About the Watergate scandal, he added, perceptively:

“Woodward and Bernstein learned about Watergate almost entirely from secondary sources such as judges, prosecutors and government investigative agencies which could force witnesses to come clean by threatening to put them in jail.”

That’s very true.

Woodward and Bernstein’s Watergate reporting often drew upon, and often prominently cited, government investigators such as the FBI.

WaPo report, October 10, 1972

The Watergate report they’ve often described as decisive — an article published October 10, 1972, that characterized the scandal as “a massive campaign of political spying and sabotage conducted on behalf of President Nixon’s re-election” — referred prominently to the FBI and the Justice Department.

(That article cited “FBI reports” in asserting that “at least 50 undercover Nixon operatives traveled throughout the country trying to disrupt and spy on Democratic campaigns.” That claim was dismissed as “absolutely false” in internal FBI memoranda, and was scoffed at by Edward Jay Epstein in his brilliant 1976 essay puncturing the purported effects of Woodward and Bernstein’s  Watergate reporting.)

And as I write in my media-mythbusting book, Getting It Wrong, which came out last year, to characterize the reporting of Woodward and Bernstein as decisive in Watergate’s outcome “is to abridge and misunderstand the scandal and to indulge in a particularly beguiling media-driven myth.”

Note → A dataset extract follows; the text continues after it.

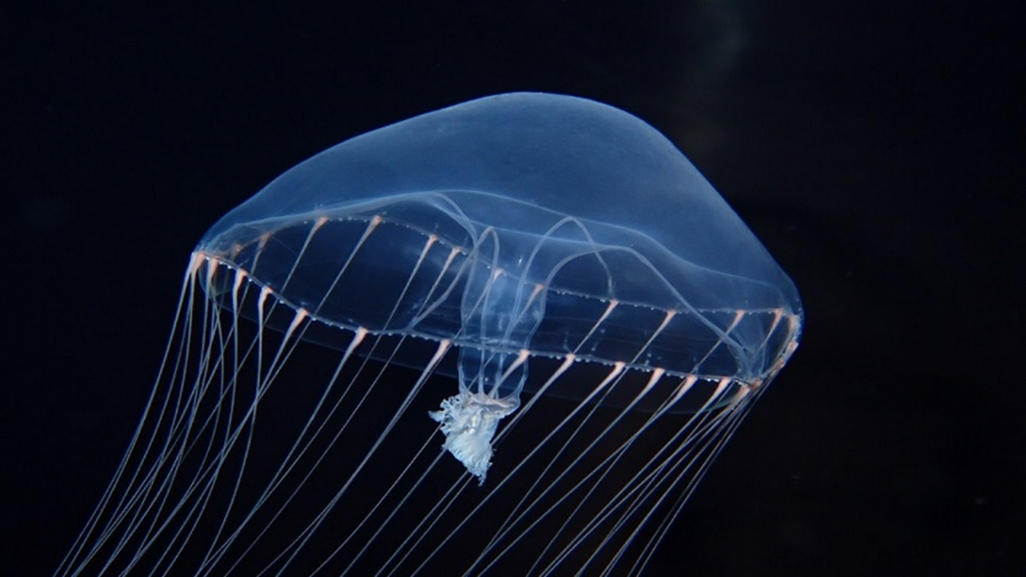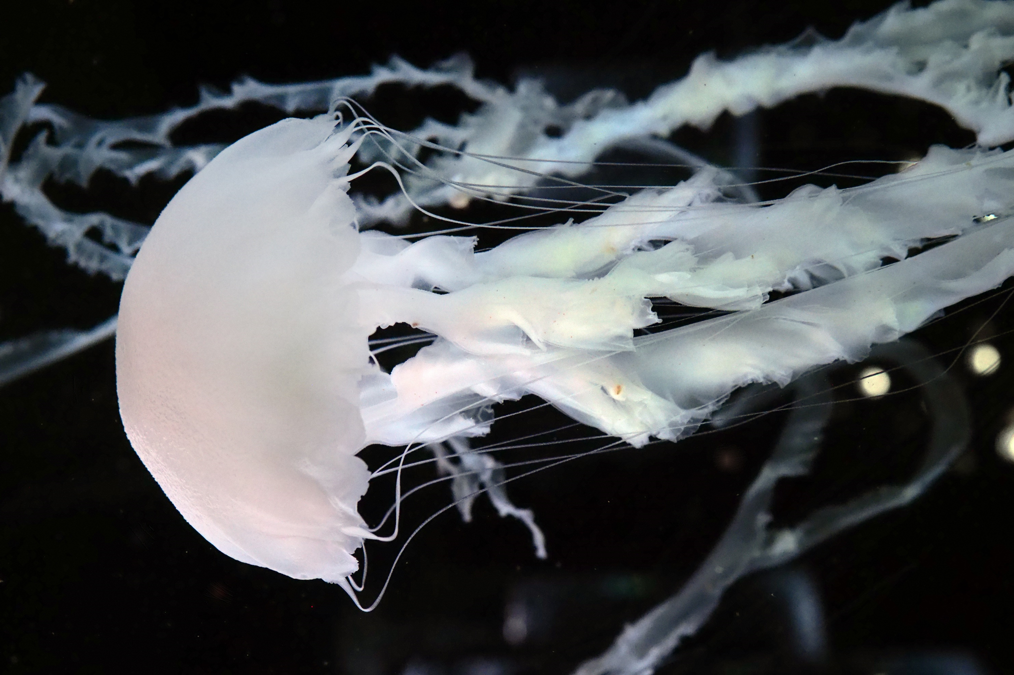 幅約9m×奥行約35m におよぶ広大なクラゲ展示空間。8 つの水槽が並び、「ミズクラゲ」をはじめ常時7~8種の多彩なクラゲをご覧いただけます。生きものの美しさを引き立てる音と光の演出も「フラワーアクアリウム」仕様に。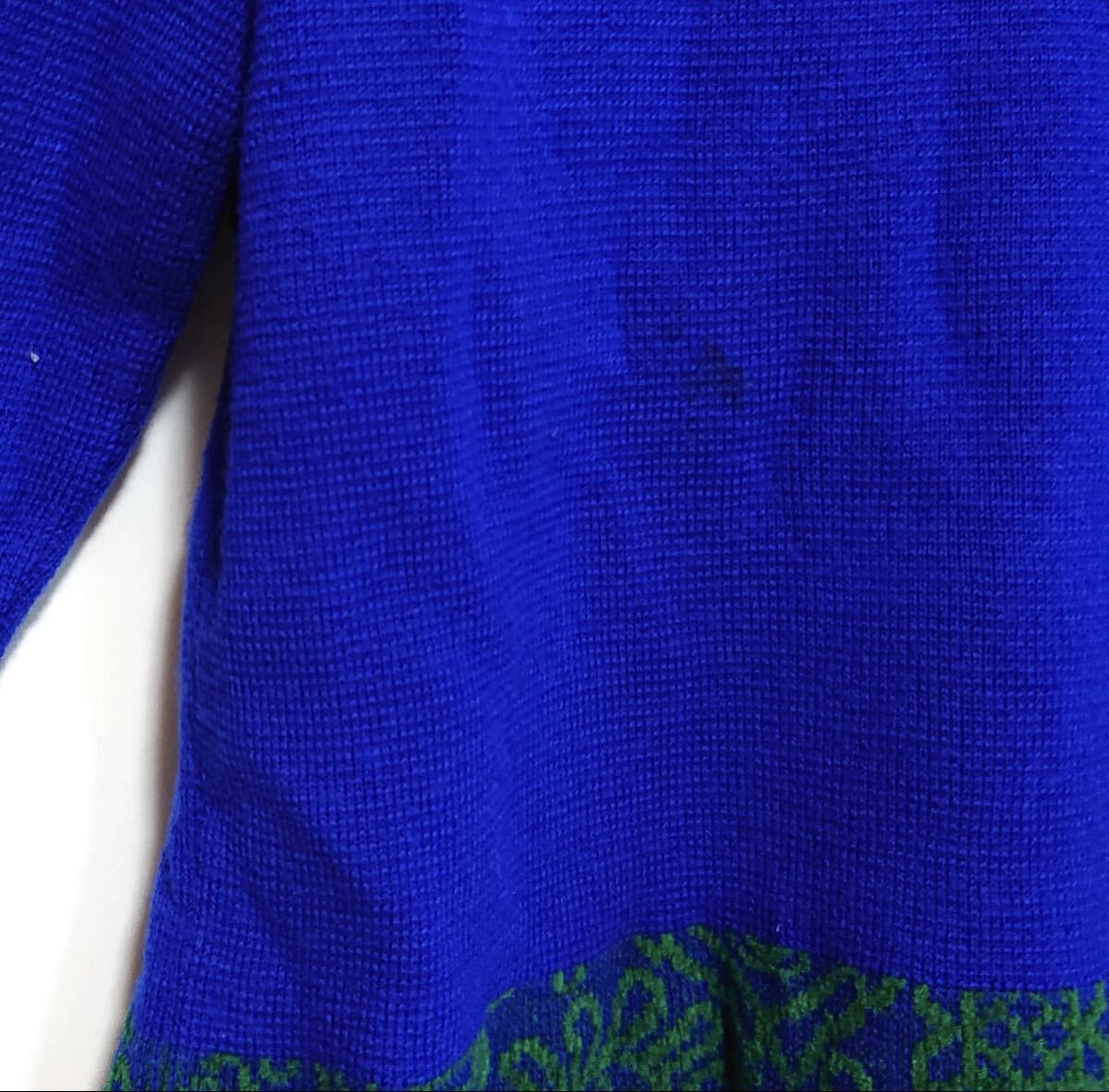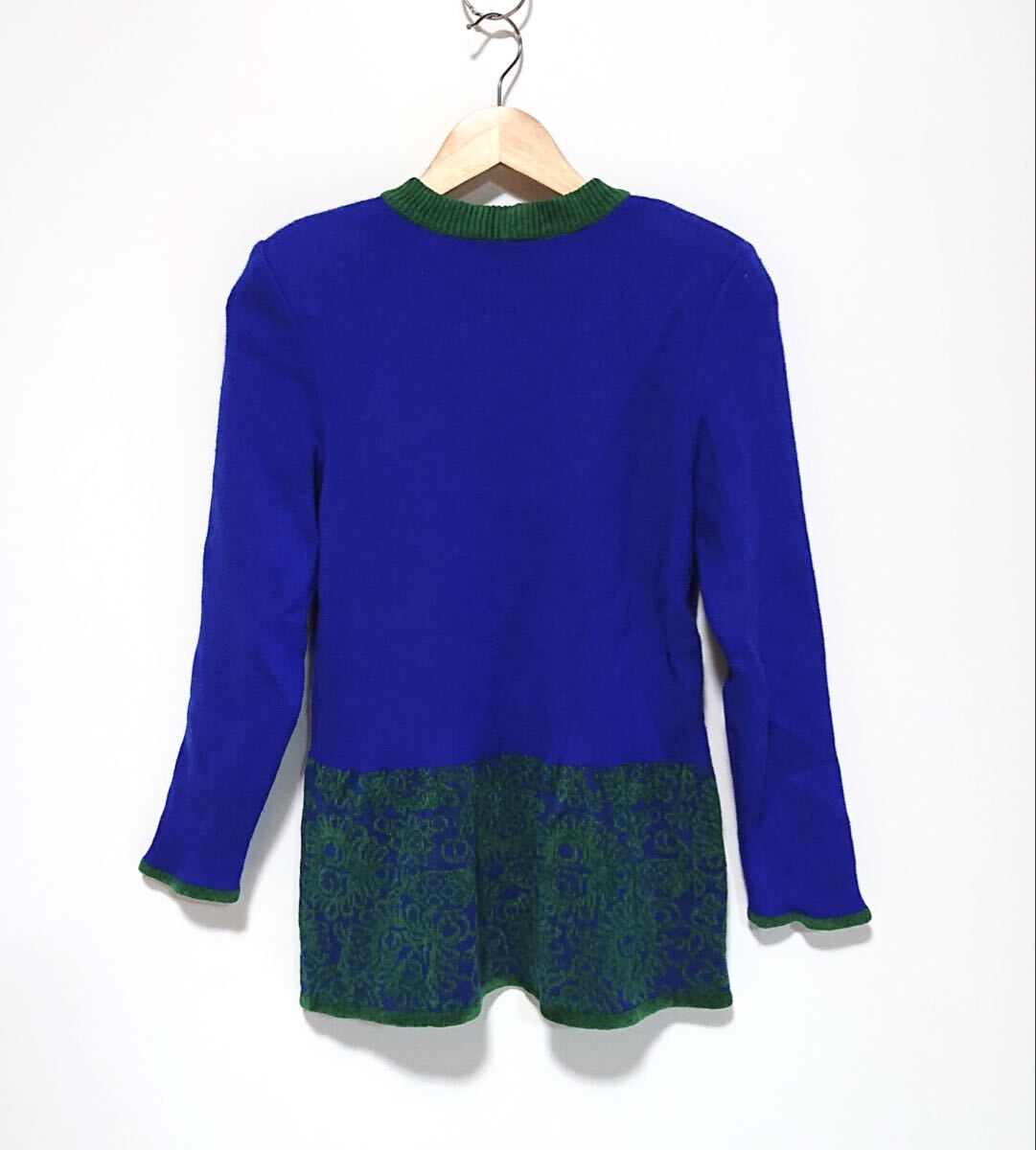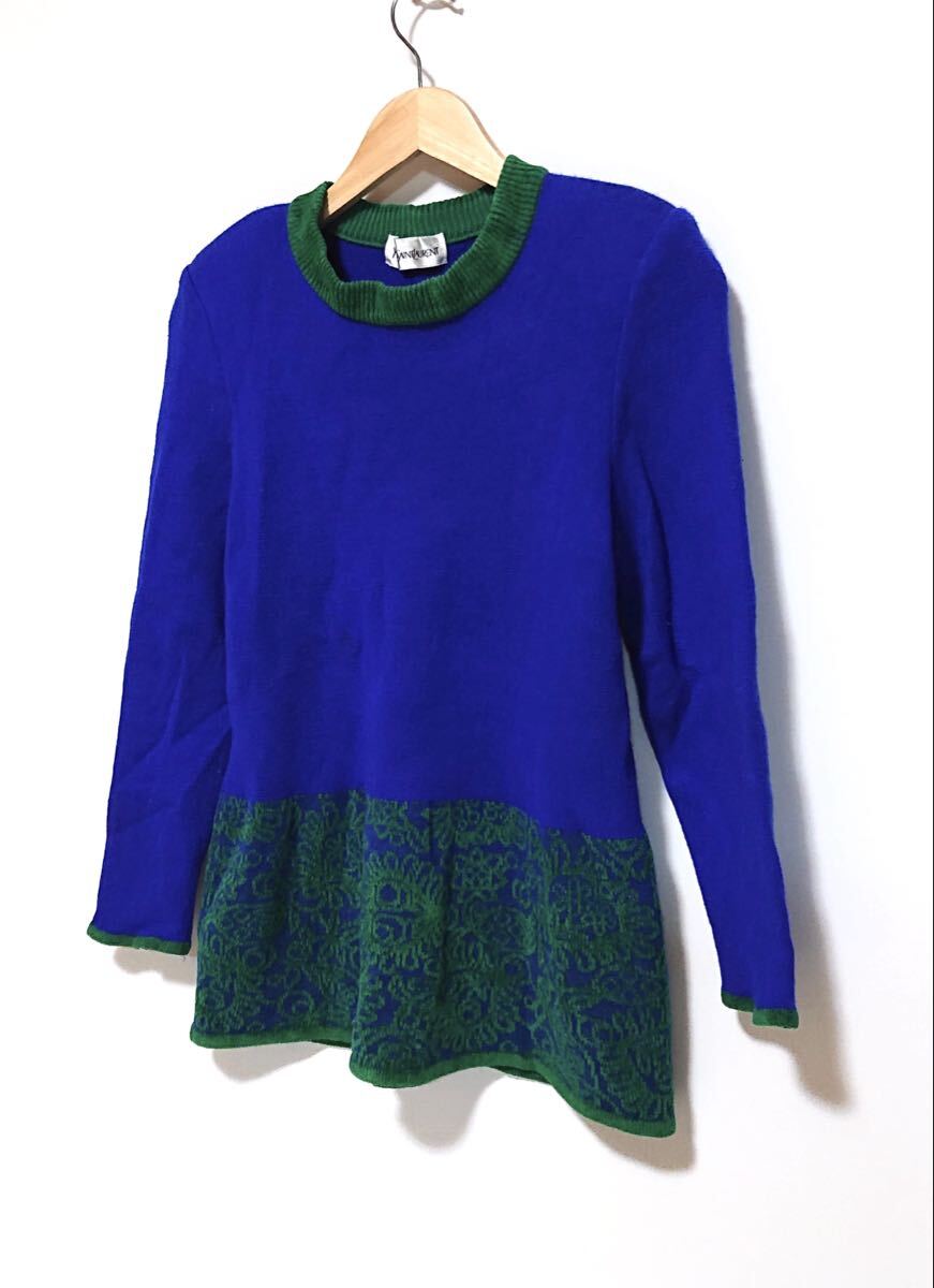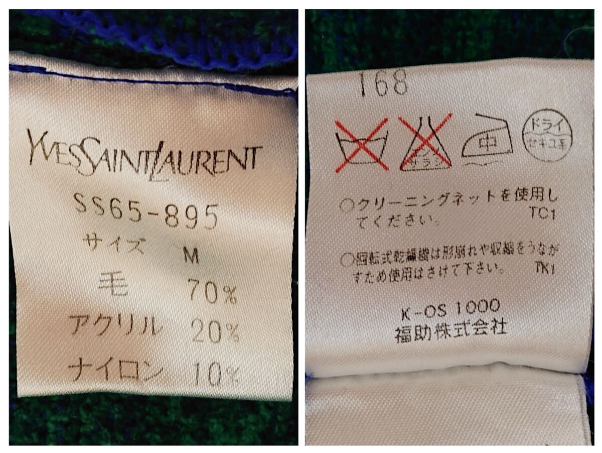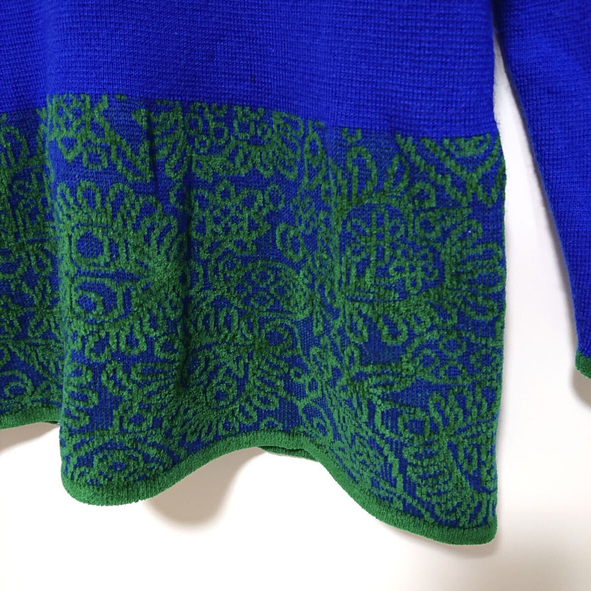h4267gg YVES SAINT LAURENT(イヴサンローラン)サイズM ニット ブルー×グリーン レディース 秋冬トップス ウール混 肩パッド おしゃれ

I also note that such a mediacentric interpretation of Watergate “minimizes the far more decisive forces that unraveled the scandal and forced Nixon from office.”

Those forces included special prosecutors, federal judges, both houses of Congress, the Supreme Court, as well as the Justice Department and the FBI, I note, adding:

“Even then, Nixon likely would have served out his term if not for the audiotape recordings he secretly made of most conversations in the Oval Office of the White House. Only when compelled by the Supreme Court did Nixon surrender those recordings, which captured him plotting the cover-up” of the crimes of Watergate.

I argue in Getting It Wrong that debunking media-driven myths “enhances a case for limited news media influence.”

Media power, I write, “tends to be modest, nuanced, diffused, and situational. But too often the ubiquitous presence of the news media is mistaken for power and influence.”

Cockburn’s commentary similarly suggested that media power can be overstated, exaggerated.

“In wars in Vietnam, Iraq and Afghanistan,” he noted, “effective media criticism has tended to follow rather than precede public opinion.”

Quite so.

Walter Cronkite‘s famous on-air assessment in late February 1968 that the U.S. military was “mired in stalemate” in the war in Vietnam is sometimes said to have shifted American public opinion about the conflict.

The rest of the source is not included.